Vampire$
- Roc Books 1992 edition
- Author: John Steakley
- Language: English
- Genre: Fantasy
- Published: 1990 (Roc Books)
- Publication place: United States
- Media type: Print (Paperback)
- Pages: 357 pp (first edition)
- ISBN: 978-0-451-45033-3 (first edition)
- OCLC: 25775691

= Vampires (novel) =

1990 novel by John Steakley

Vampires (sometimes stylized as Vampire$) is a 1990 horror novel by John Steakley. A dark fantasy with a contemporary setting, the novel concerns a company called Vampire$, Inc. which treats vampire-hunting as a commercial enterprise, funded by large payments from the vampires' potential victims and secretly supported from the highest levels of the Roman Catholic Church.

== Plot summary ==
Vampire$, Inc. cleans out a nest of vampires, but has some difficulty collecting their payment and ultimately hosts a wild party at a local motel with all of the team and some townsfolk. The party is interrupted by a "master vampire" who slaughters everyone at the party with the exception of Jack Crow and his second-in-command "Cherry Cat" Catlin.

The shaken Jack begins to plan the formation of a new team, aided by Father Adam, a knowledgeable young priest sent to him by the Vatican. Events at the motel slaughter lead Jack to realize that silver, particularly blessed silver from a cross, can be used as a weapon against vampires. He has his weaponsmith Carl begin creating silver bullets and he recruits a skilled gunman named Felix, that Jack met while working as a government agent in Mexico. Felix proves to be as deadly with a pistol as Jack hoped and they seem to have a new and powerful resource to use against the vampires. In addition to the silver bullets, Carl also develops a "vampire detector" for use by the team, which proves to be a useful tool against the vampires (which are portrayed as fantastically fast and powerful compared to humans, particularly the 'master vampires').

A series of battles ensues, using these silver bullets against the vampires, but key members of Jack's team are killed by the vampires, including Annabelle, the office manager of the team's residence, and the aging Carl. Jack, depressed and beaten, suicidally returns to a known favorite hotel where the vampires are sure to find him. Felix, Cat and Father Adam stage a rescue attempt but it ends with Father Adam dead and Jack spirited away by the vampire.
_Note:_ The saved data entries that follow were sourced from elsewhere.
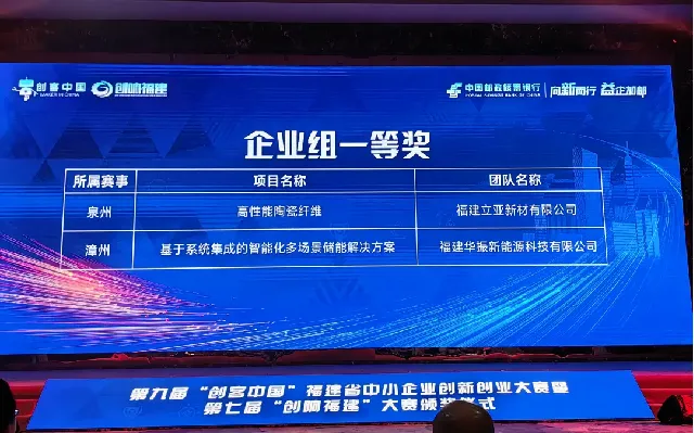 经过现场路演、专家评审、现场打分等环节,最终我市选送的福建立亚新材有限公司“高性能陶瓷纤维”项目脱颖而出,获得全省总决赛企业组第一名,创造我市项目参加该项赛事的历史最好成绩,将代表我省晋级全国赛。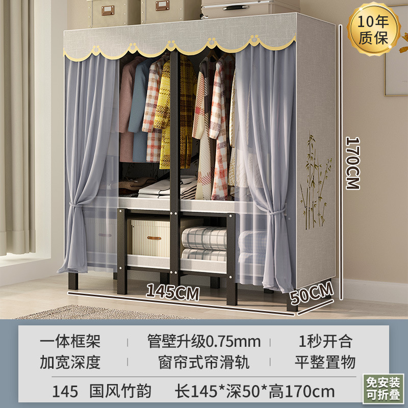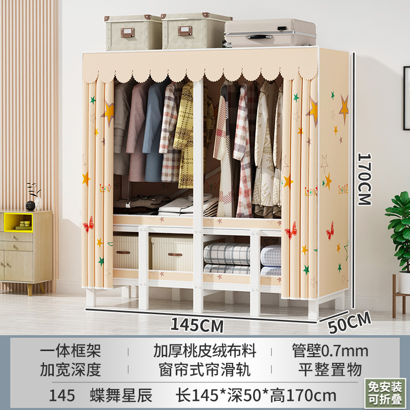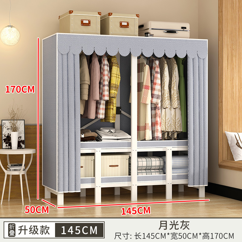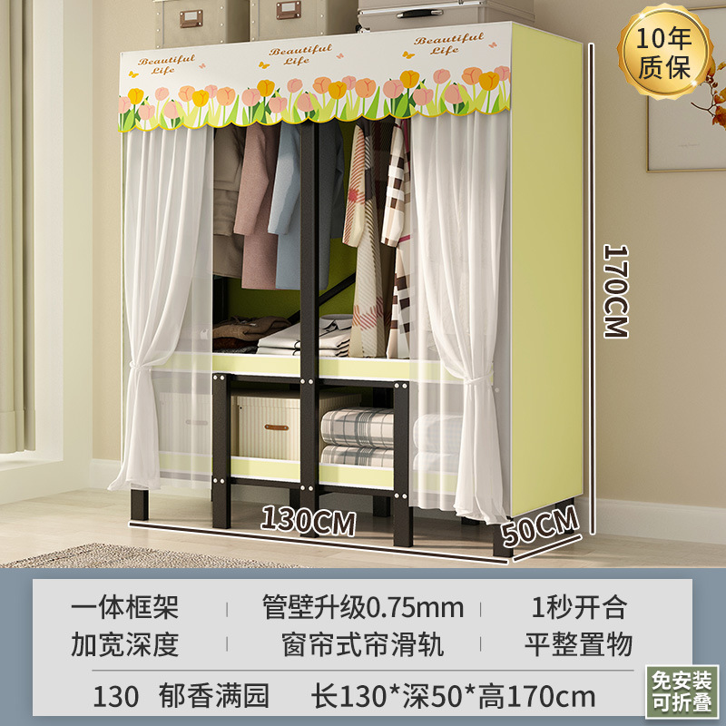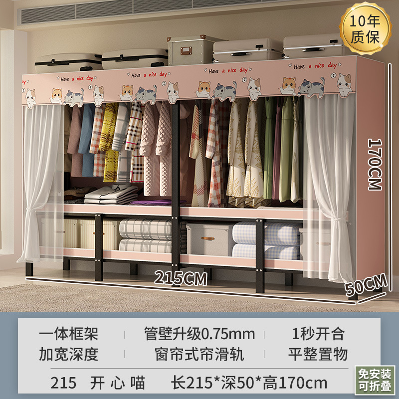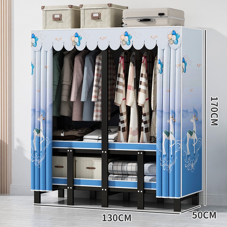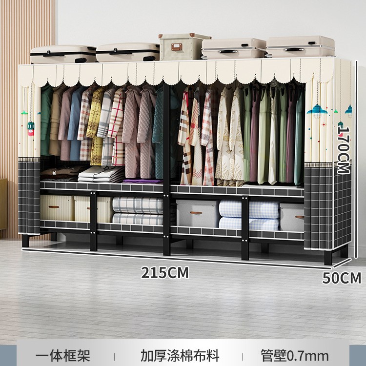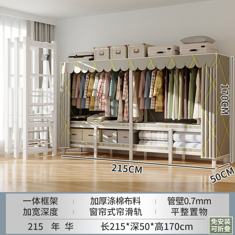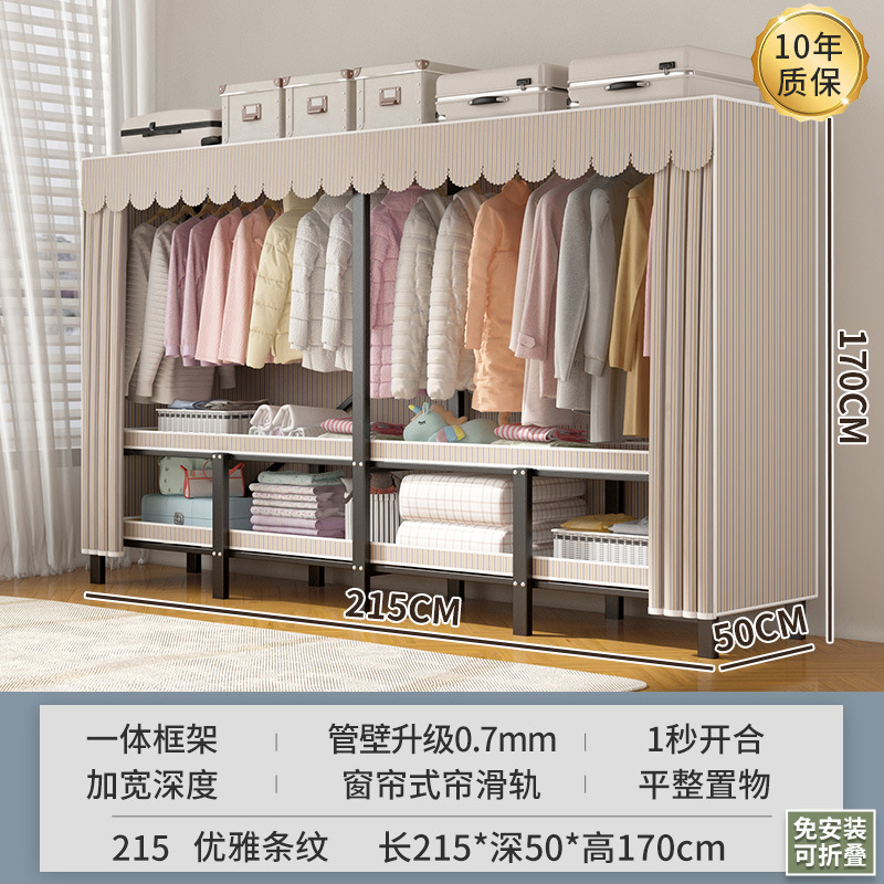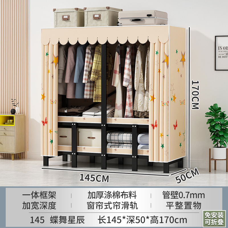 설치 무료 간단한 천 옷장 침실 접이식 가정용 수납 캐비닛 렌탈룸 기숙사 경제적 인 철골 걸이 옷장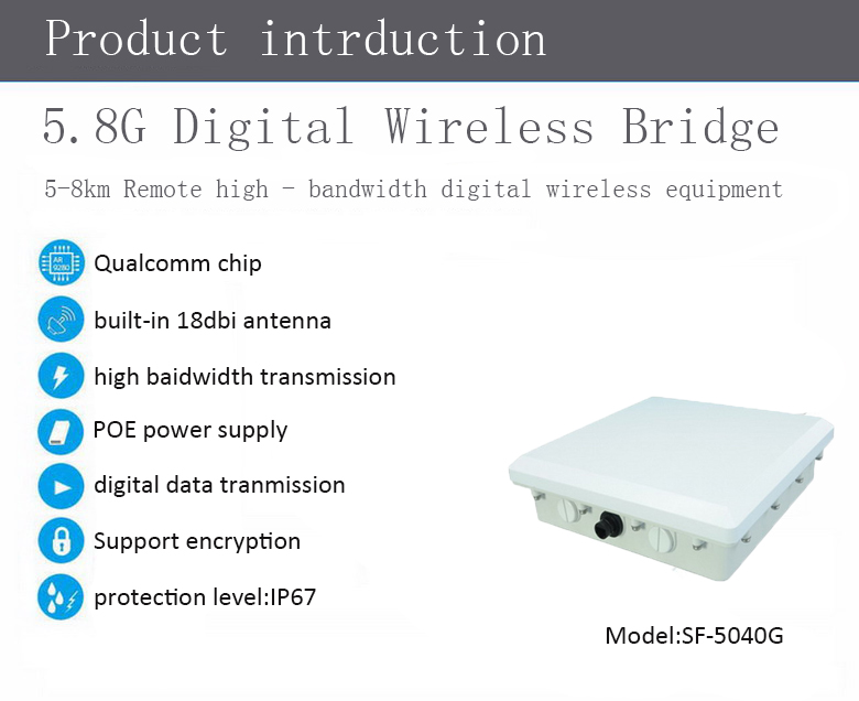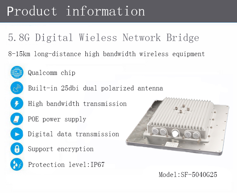 Description:SF-5040G25 high power outdoor wireless bridge is very suitable for the wireless internet connection under the wild environment,it satisfies the needs of high bandwidth network co…

The novel closes with Felix taking a leadership role within Vampire$ Inc., after thwarting an attempt by the now-vampirized Jack Crow to attack the Pope.

==Relation to Armor==
Part of the novel is about the relationship between the lead vampire hunter, ex-DEA agent Jack Crow, and the gunman he hires, an ex-drugrunner named Felix. A note on the copyright page states, "This Felix is no other Felix. This Jack Crow is no other Jack Crow." In this novel, Felix is the owner of a bar called the Antwar Saloon; the main characters of Steakley's military SF novel Armor are named Jack Crow and Felix and they fight in "the Ant War". Despite the disclaimer, the Jack Crow and Felix characters in both novels have many parallels; Jack Crow is the wisecracking almost-anti-hero in both works, and Felix is the gifted-but-reluctant warrior.

== Film adaptation ==
The novel served as the basis for the 1998 film John Carpenter's Vampires.